═════ EXTRACTED MATERIAL ═════

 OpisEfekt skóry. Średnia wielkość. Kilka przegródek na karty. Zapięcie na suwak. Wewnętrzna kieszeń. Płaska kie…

═════
═════ EXTRACTED MATERIAL ═════

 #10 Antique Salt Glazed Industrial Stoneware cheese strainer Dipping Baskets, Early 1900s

═════
═════ EXTRACTED MATERIAL ═════

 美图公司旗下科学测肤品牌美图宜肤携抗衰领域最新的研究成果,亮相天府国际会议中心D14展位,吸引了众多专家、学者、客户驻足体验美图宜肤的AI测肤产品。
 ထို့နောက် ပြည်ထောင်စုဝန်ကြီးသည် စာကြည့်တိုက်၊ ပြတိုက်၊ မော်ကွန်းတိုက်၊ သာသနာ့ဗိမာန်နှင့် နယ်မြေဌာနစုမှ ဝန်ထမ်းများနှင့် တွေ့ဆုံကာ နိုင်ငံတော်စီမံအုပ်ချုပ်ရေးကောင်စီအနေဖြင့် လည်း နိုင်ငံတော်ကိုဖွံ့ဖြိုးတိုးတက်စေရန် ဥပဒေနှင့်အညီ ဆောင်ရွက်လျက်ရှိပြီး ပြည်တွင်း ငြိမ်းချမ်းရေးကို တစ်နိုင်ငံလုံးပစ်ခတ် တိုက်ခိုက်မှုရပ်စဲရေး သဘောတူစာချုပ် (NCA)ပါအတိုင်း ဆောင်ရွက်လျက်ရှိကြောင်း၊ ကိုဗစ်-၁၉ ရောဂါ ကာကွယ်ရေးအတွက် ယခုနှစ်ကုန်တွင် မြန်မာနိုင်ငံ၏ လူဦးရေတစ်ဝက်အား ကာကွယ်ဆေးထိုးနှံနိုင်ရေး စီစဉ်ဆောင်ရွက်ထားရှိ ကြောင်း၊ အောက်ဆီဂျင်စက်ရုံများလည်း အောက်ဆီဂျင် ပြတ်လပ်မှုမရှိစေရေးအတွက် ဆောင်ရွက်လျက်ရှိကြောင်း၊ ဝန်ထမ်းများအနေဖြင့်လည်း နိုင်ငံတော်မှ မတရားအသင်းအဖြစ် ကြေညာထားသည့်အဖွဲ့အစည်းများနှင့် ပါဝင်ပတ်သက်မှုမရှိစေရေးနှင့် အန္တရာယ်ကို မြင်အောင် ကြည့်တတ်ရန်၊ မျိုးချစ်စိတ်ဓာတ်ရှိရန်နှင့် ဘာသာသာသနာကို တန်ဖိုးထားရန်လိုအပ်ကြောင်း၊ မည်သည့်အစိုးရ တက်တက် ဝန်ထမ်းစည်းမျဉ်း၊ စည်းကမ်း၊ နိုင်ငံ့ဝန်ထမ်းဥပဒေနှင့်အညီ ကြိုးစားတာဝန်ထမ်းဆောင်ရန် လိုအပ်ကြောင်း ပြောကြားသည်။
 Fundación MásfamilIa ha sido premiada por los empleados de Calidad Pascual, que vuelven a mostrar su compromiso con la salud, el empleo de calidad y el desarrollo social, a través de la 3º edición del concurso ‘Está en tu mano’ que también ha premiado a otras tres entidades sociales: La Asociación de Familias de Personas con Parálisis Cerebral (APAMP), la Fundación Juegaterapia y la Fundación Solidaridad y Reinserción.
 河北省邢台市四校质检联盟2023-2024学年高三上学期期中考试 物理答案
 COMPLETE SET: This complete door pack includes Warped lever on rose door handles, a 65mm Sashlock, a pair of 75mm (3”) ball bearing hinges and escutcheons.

═════

__TASK DETAILS__.
Reproduce the entries above exactly, but only the lines between the line holding "河北省邢台市四校质检联盟2023-2024学年高三上学期期中考试 物理答案" and the line holding "COMPLETE SET: This", inclusive.

__YOUR SOLUTION__.
 河北省邢台市四校质检联盟2023-2024学年高三上学期期中考试 物理答案
 COMPLETE SET: This complete door pack includes Warped lever on rose door handles, a 65mm Sashlock, a pair of 75mm (3”) ball bearing hinges and escutcheons.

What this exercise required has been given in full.